Requirement = Using the data below, set down every line from the one containing "ガラス容量瓶 1ml2ml5ml10ml25ml50ml100ml250ml ブラウン" through the one containing "River Island bold", inclusive and unchanged. Pictures are to be skipped.

Records for this exercise =
§

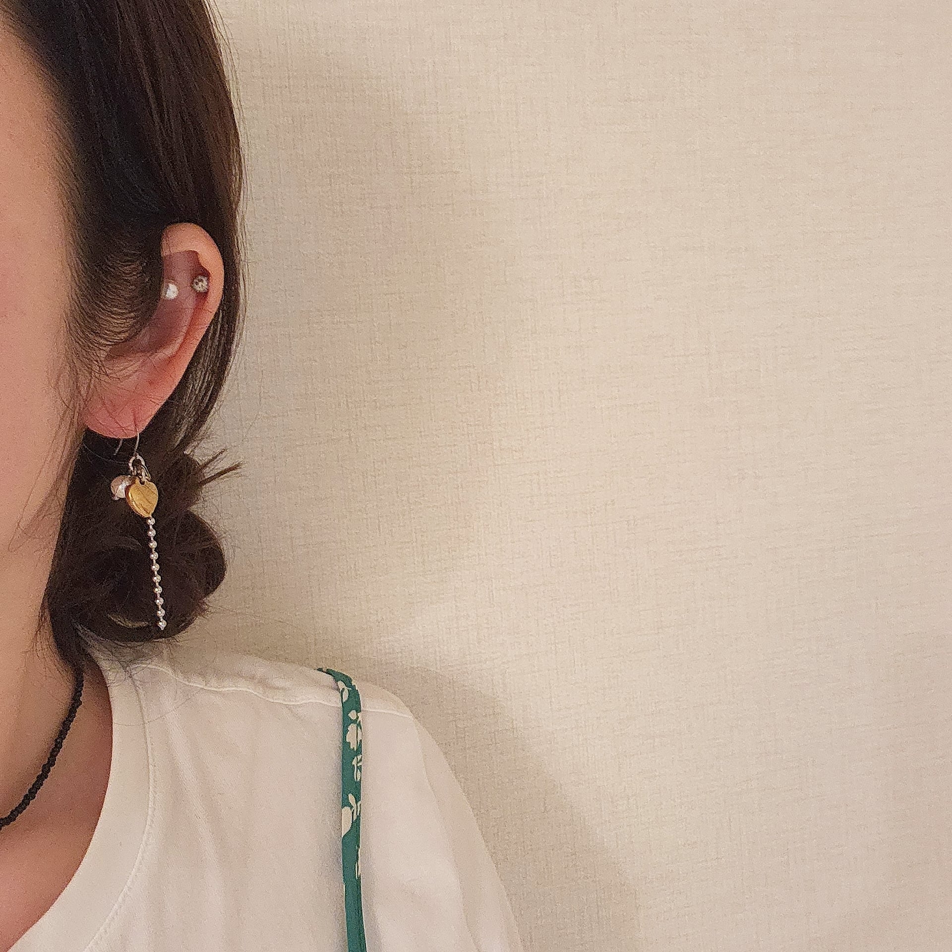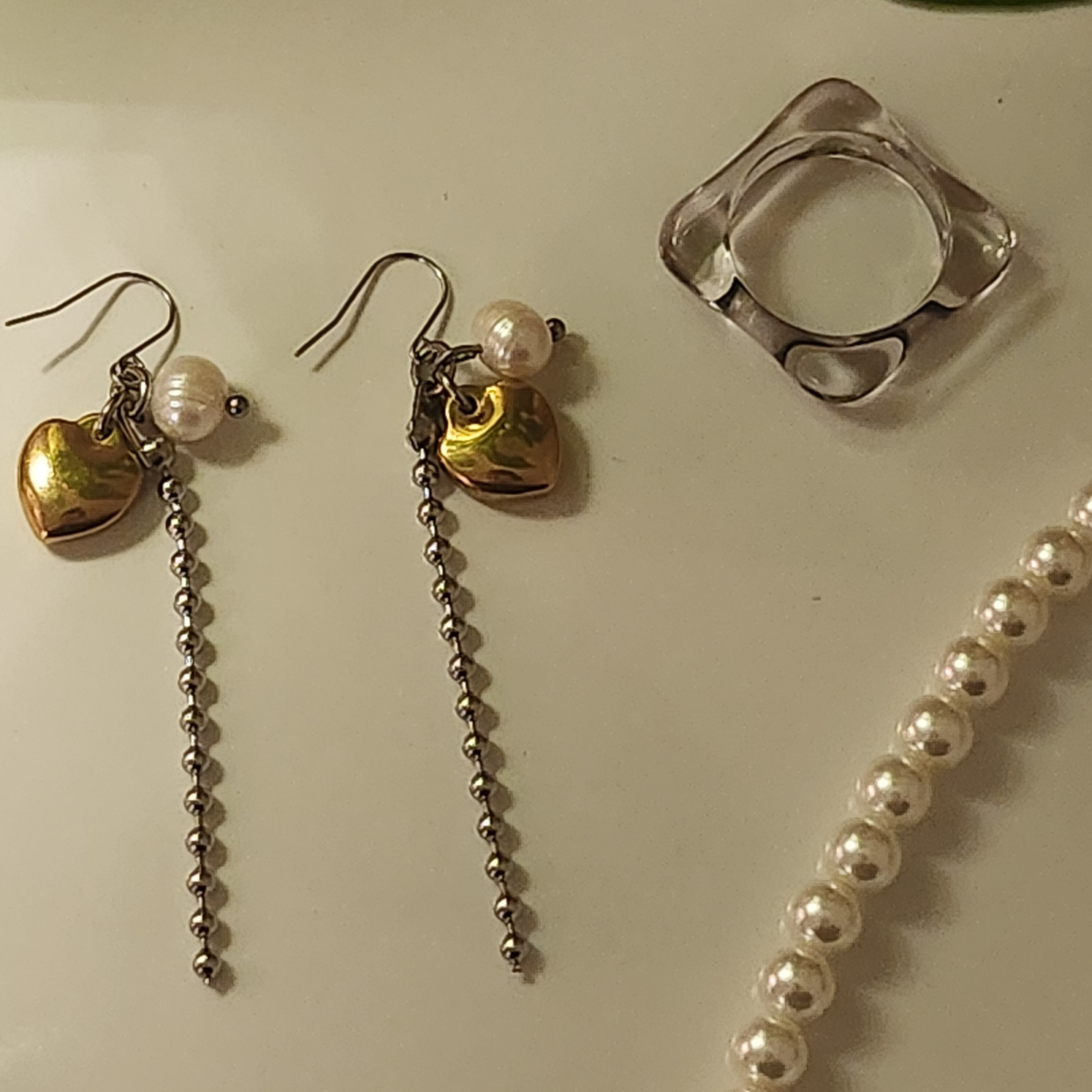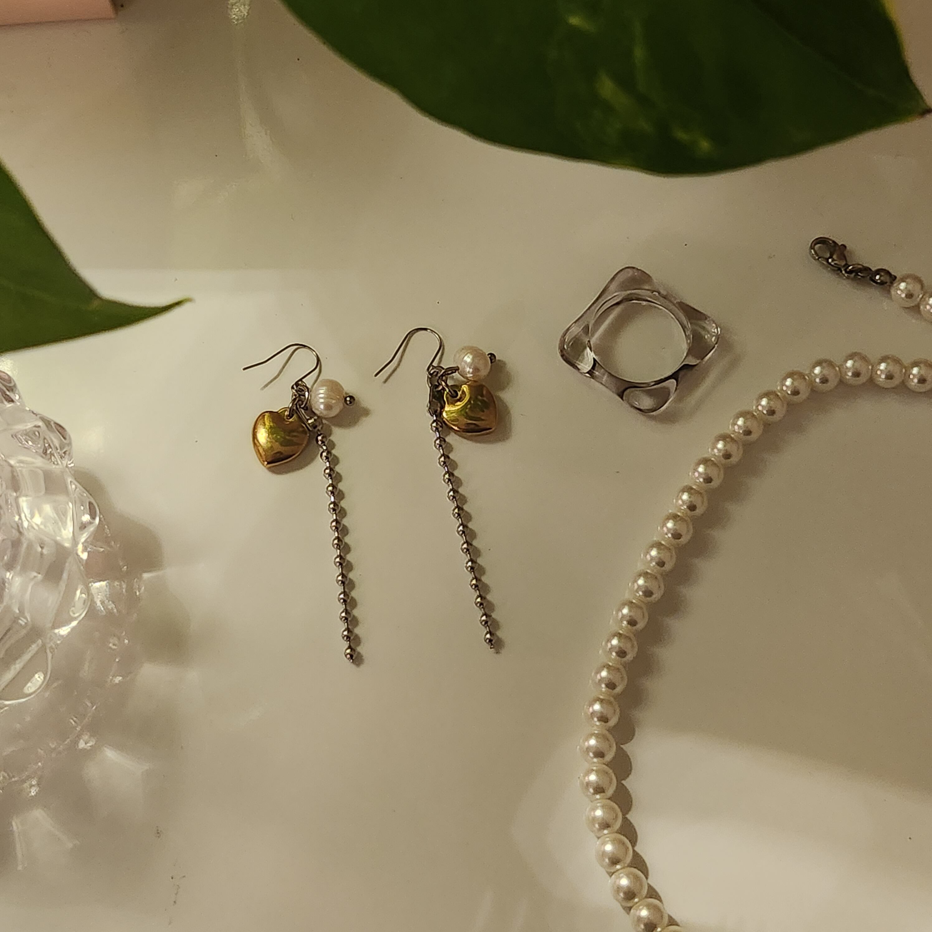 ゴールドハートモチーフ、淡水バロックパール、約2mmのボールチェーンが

§

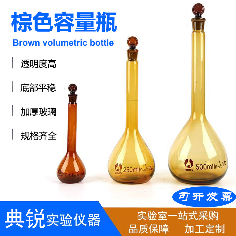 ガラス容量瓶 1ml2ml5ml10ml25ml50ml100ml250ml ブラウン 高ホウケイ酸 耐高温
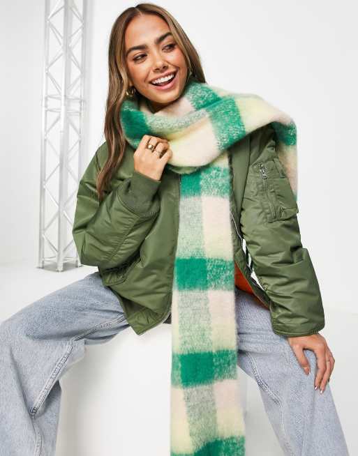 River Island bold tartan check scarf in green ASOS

§

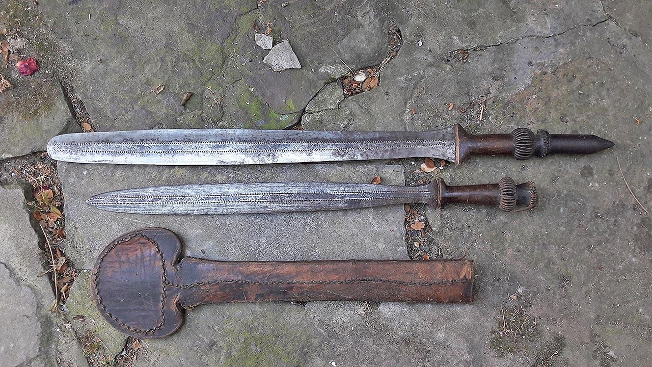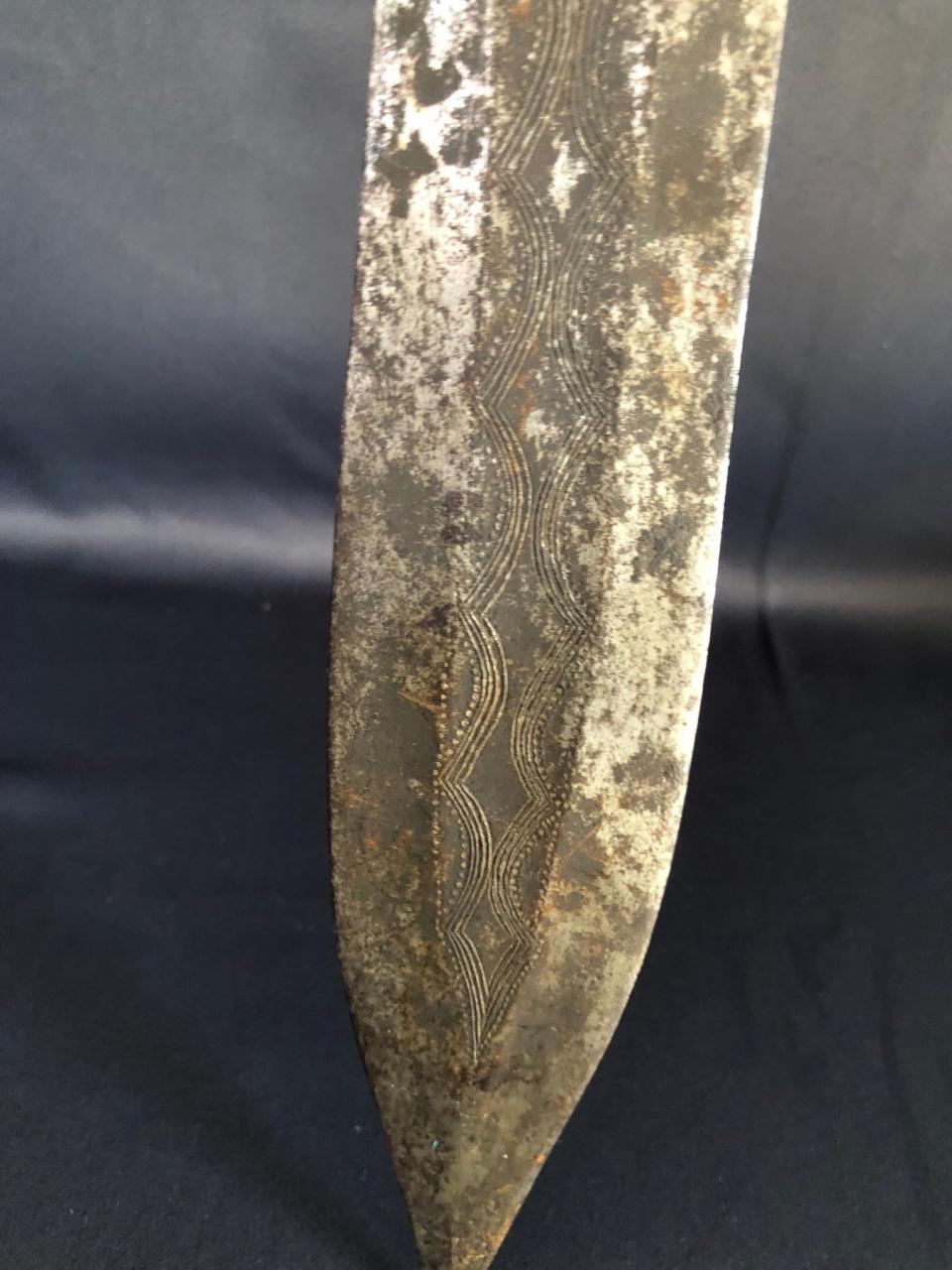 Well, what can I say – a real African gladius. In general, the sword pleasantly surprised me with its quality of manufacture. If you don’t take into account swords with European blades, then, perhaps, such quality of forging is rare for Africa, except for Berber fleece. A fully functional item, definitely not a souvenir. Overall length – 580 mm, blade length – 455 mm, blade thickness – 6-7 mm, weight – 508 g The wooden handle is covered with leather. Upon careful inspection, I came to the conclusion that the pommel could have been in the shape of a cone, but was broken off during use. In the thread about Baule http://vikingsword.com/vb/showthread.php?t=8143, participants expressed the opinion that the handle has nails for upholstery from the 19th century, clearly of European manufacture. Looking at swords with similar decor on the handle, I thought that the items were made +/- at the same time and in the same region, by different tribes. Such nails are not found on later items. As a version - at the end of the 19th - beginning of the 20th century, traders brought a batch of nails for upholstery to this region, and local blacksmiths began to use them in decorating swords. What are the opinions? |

§

Exercise solution =
 ガラス容量瓶 1ml2ml5ml10ml25ml50ml100ml250ml ブラウン 高ホウケイ酸 耐高温
 River Island bold tartan check scarf in green ASOS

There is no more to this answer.